事業主・役員・開業医も労災保険に加入できます。


【労災事故の対象となる事故】
 労災保険は正社員、パートやアルバイト等を使用する事業所は必ず加入しなければいけません。労災保険が対象としている事故は仕事中と通勤途中に発生した事故による傷病です。

【給付内容】
 これらの労災事故に対して医療費や休業補償また障害が残った場合の補償また死亡に関しての給付がなされます。

【未加入の場合のペナルティー】
 もし労災保険に加入していない期間中に対象となる事故が発生すればその時に加入することもできますが、未加入期間の保険料に併せて保険給付額の100%又は40%のペナルティーが徴収されます。

【会社が手続しないとき】
 また労災保険に加入中また加入しないまま事故が発生し、手続を取らない場合には、被災者側が労働基準監督署に申告すれば給付を受けることができます。この場合、慰謝料を始め次項の問題も発生します。

【労災保険以外に損害賠償の請求がある】
 業務中に発生した事故に対する責任は労災保険からの給付で完了するわけではなく、安全配慮義務違反等により被災者から損害賠償請求を受けることになります。この額は数千万円に及ぶことも少なくないため民間の労災補償上乗せ給付と損害賠償保険への加入も検討課題といえます。

【役員等の特別加入】
 この労災保険は労働者を対象としているため事業主や役員は除かれていますが、中小企業については労働保険事務組合に労働保険の委託をすることによって特別加入の制度が設けられています。事務組合には、社労士、商工会、民商、同業者の組合等があります。

【開業医の場合】
 開業医については在宅医療も増え、また自宅と診療所間の異動時の事故に備えて加入の検討も必要かと考えます。医師会が労働保険事務組合を設立しているのでこれを通じて加入出来ます。
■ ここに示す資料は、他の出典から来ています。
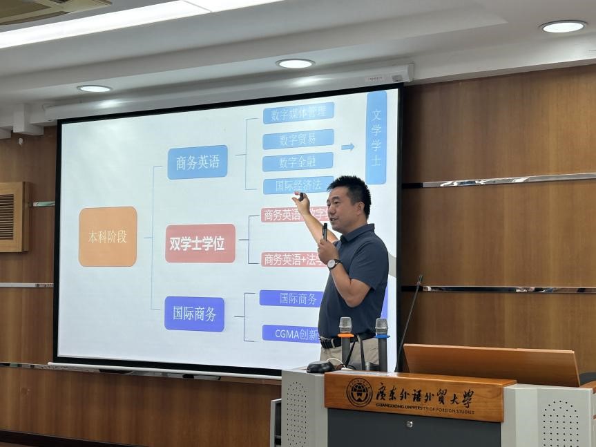 之后,汪谓超对公司商务英语(法学双学位)专业的建设进行介绍。他讲到,本专业采用商务英语+法学+商科教育相结合的复合型办学模式,希望同学们在通过专业学习后,能有扎实的英语与法学基本功、文化素养良好、国际视野开阔,能通过自己的专业能力参与到涉外法律工作中,成为融通型涉外法治人才。随后,朋辈导师王粤和周菲凡介绍了一个多月以来班级的学习生活情况,同学们目前学习状况良好,积极参与各项活动。在这期间,朋辈导师积极为同学们提供生活与学习上的指导与帮助,关心新生,帮助新生尽早适应大学新生活。
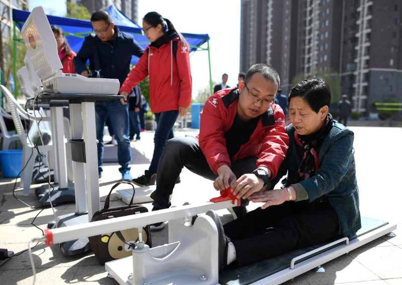 资料图:2018年4月14日,社区居民在进行体质监测。新华社记者王鹏摄
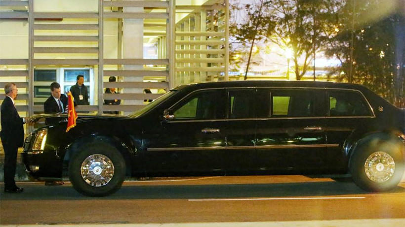 Trước đó, vào lúc 18h10 tối nay (26/2), hai chiếc “Quái thú” đã xuất phát từ khách sạn Marriot hướng về sân bay Nội Bài chuẩn bị đón Tổng thống Trump.
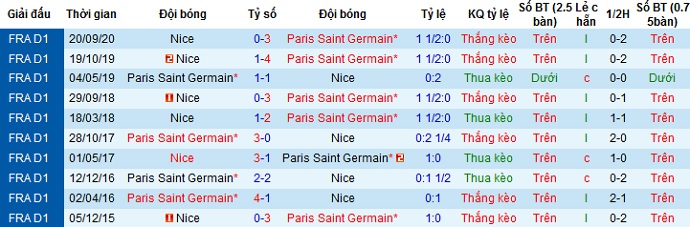 Rõ ràng cơ hội để Nice có điểm trên sân của PSG là gần như không có. Không những thế trong cả 6 chiến thắng gần đây của PSG trên sân nhà, chỉ có đúng một lần duy nhất cách biệt về tỷ số ít hơn 2 bàn. Bởi thế chọn cửa trên ở trận đấu này vẫn là an toàn và hợp lý hơn cả.
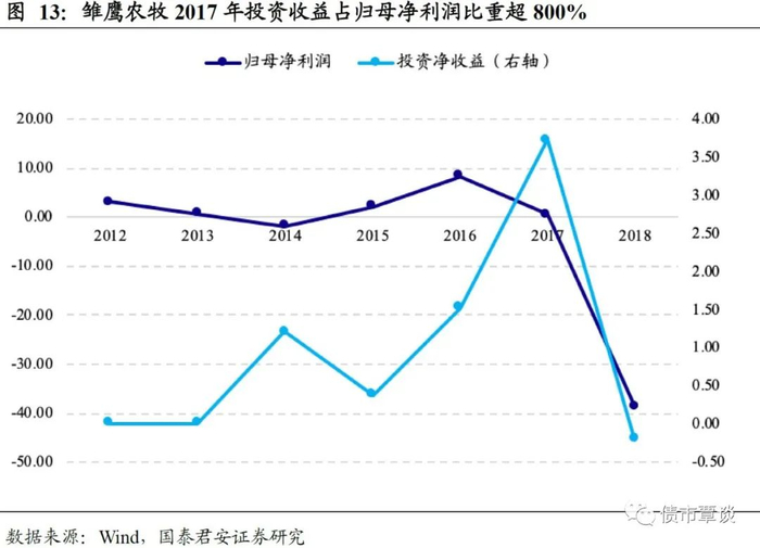 雏鹰农牧涉嫌通过可供出售金融资产,确认高额的投资收益来调节利润。2018年6月13日自媒体“市值风云”曾发文质疑雏鹰农牧的财报质量,文章指出,公司通过泽赋基金投资多家资质不明的公司,短时间持有之后迅速高溢价抛售,回笼资金,通过“可供出售金融资产”项目美化公司业绩。根据公司2017年年报,在归母净利润仅为0.45亿元的情况下,投资净收益高达3.73亿元,占归母净利润比例超过800%。
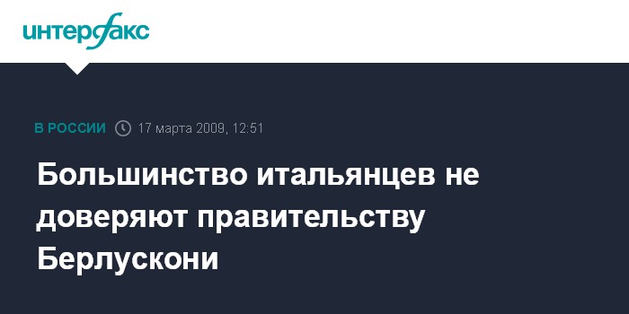Москва. 17 марта. INTERFAX.RU - Деятельность правительства Италии вызывает недовольство у 52% жителей страны, говорится в опросе "Ипр маркетинг", результаты которого публикует во вторник на своем веб-сайте газета "Репубблика". Издание отмечает, что уже в течение трех месяцев правительство поддерживают менее 50% итальянцев.
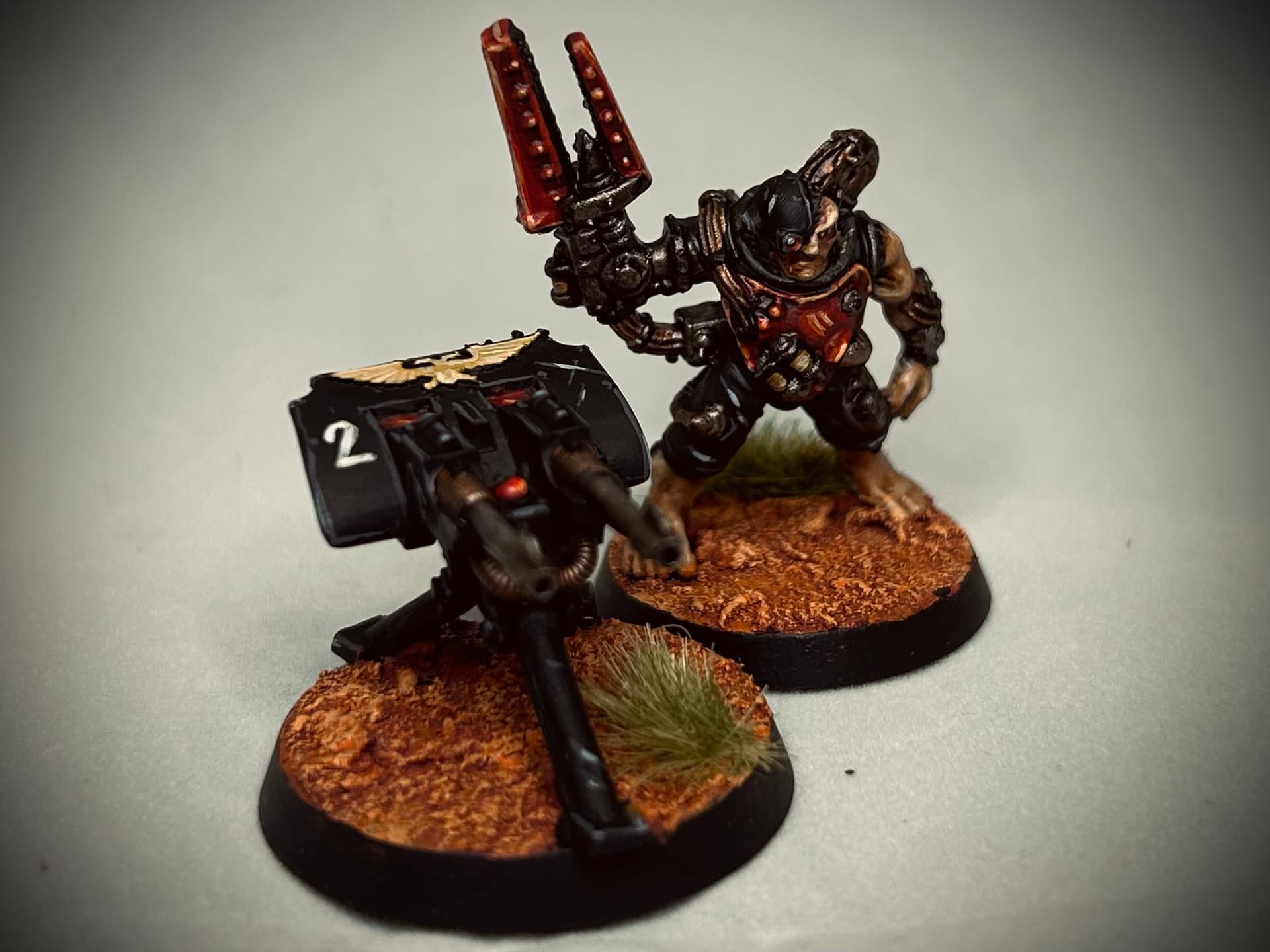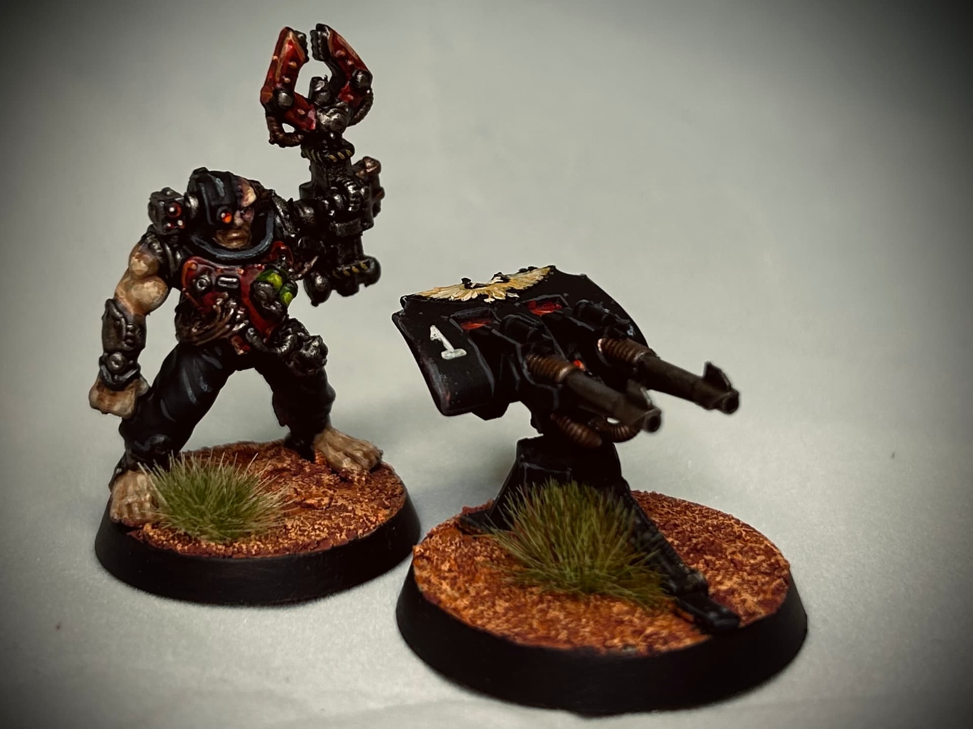 Another tech marine and some support weapons. The techy is an older modelled upscaled with some modern bits

【労災保険料の額 (1年間の額)】  (1) 一般の労働者
   労災保険料の額は、1年間の賃金の合計額に保険料率を乗じた額です。
    小売業の場合 (1年間1千万円の賃金を支払った場合)
    1000万円×3.5/1000=3.5万円

 (2)特別加入の場合
   休業補償等の基礎となる日額を5千円から2万円までの範囲で選び、次のように計算します。
    小売業の場合 (基礎日額を1万円とした場合)
    基礎日額×365日×労災保険料率=労災保険料
    1万円×365日×3.5/1000=12,775円

【雇用保険への加入】
 週20時間以上働く労働者を雇用していれば雇用保険への加入も必要になります。

【雇用保険料の額 (1年間の額)】
 小売業の場合 (1年間1千万円の賃金を支払った場合)
    1000万円×13.5/1000=13.5万円
 内 労働者負担分(5/1000) 5万円を毎月の賃金から徴収するため差引負担額は8.5万円。